Californians face uneven telecom customer service and difficulty resolving problems, Conran said. The regulations don’t single out wireless carriers, and such companies shouldn’t be exempt from requirements imposed on other service providers, he said. “They are not a sacred cow. They should not be treated any differently from any other part of the industry.” In addition to being blessed with new services, “consumers have also been lost in a sea of information, much of which has been useless,” he said. There’s a “loss of trust and faith” in the entire industry, Conran said. Speaking to a largely libertarian and business audience, he said regulations shouldn’t be rejected reflexively and this set was “minimal” in intrusiveness. He noted that SBC backed the Bill of Rights. “I expect it to become the rule of law in this state,” Conran said.

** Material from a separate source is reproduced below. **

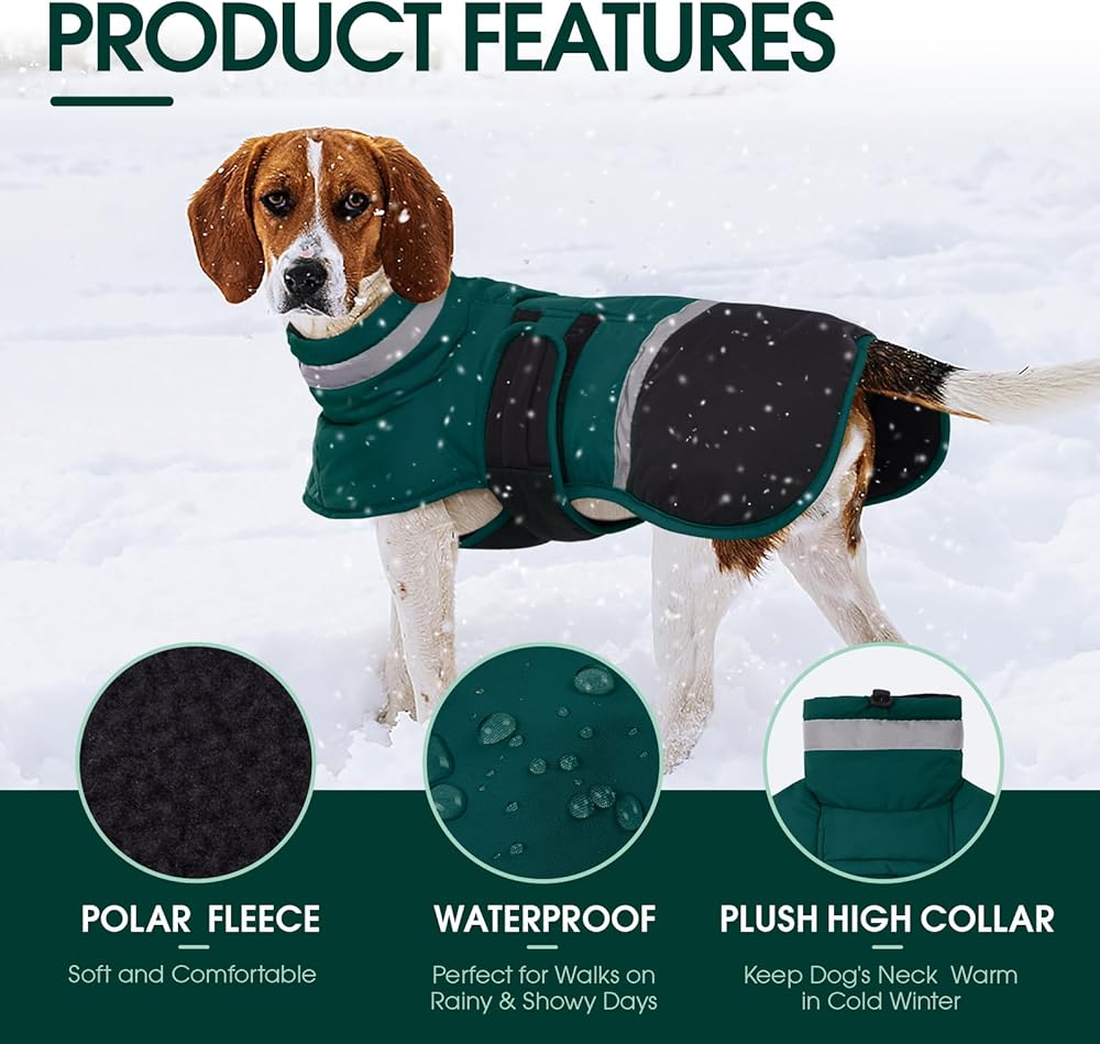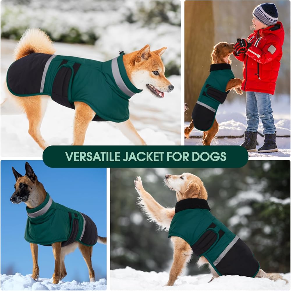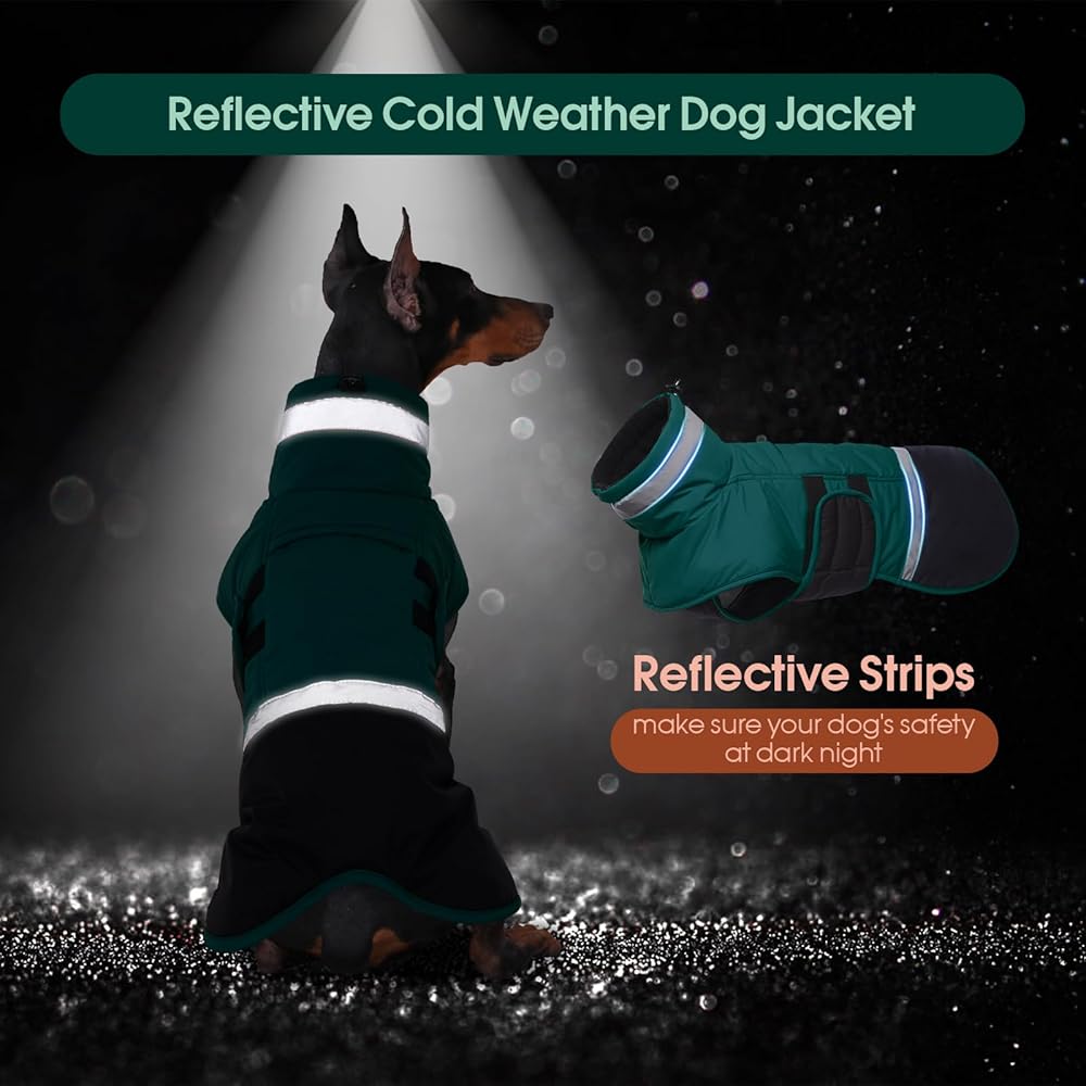 • معطف عاكس للكلاب: معطف شتوي للكلاب مع سرج مصمم بشريط عاكس عالي الوضوح على الياقة وذيل السترة، معاطف شتوية للكلاب الكبيرة يمكن أن تبقي حيوانك الأليف مرئيًا للغاية في ظروف الإضاءة المنخفضة، مما يضمن سلامته أثناء المشي ليلاً.

Cal.’s actions have national implications, Gifford said. Other states would like follow its lead, and Cal.’s sheer size makes it the de facto national standard, he said. He said Wood had failed to offer a rationale for the Bill of Rights; rather, it seemed to follow the logic: “We regulate telephones; this is a telephone; therefore, we have to regulate.”
Whatever problems consumers have are better left to a highly competitive market than to bureaucratic rules, Gifford said. Compliance with new rules would raise rates, he said. The fact that consumers aren’t saying they would voluntarily pay several extra dollars a month for a package of enhanced rates proves the Bill of Rights isn’t justified, he said. Gifford said that was consistent with consumers’ failure to read disclosures already available to them. Govt. rules can’t anticipate technology changes but they can allow big industry players to exploit them as barriers to competitors, he said. Besides, most abusive practices already are illegal, Gifford said.
Former PUC Pres. Mitchell Wilk and ex-chief of staff Carl Danner, both now with LECG litigation and policy consultants, decried potential abusive litigation from private rights of action in the Bill of Rights. “When the industry is harmed in an economic way, regardless of the intentions … consumers aren’t helped by that,” Wilk said.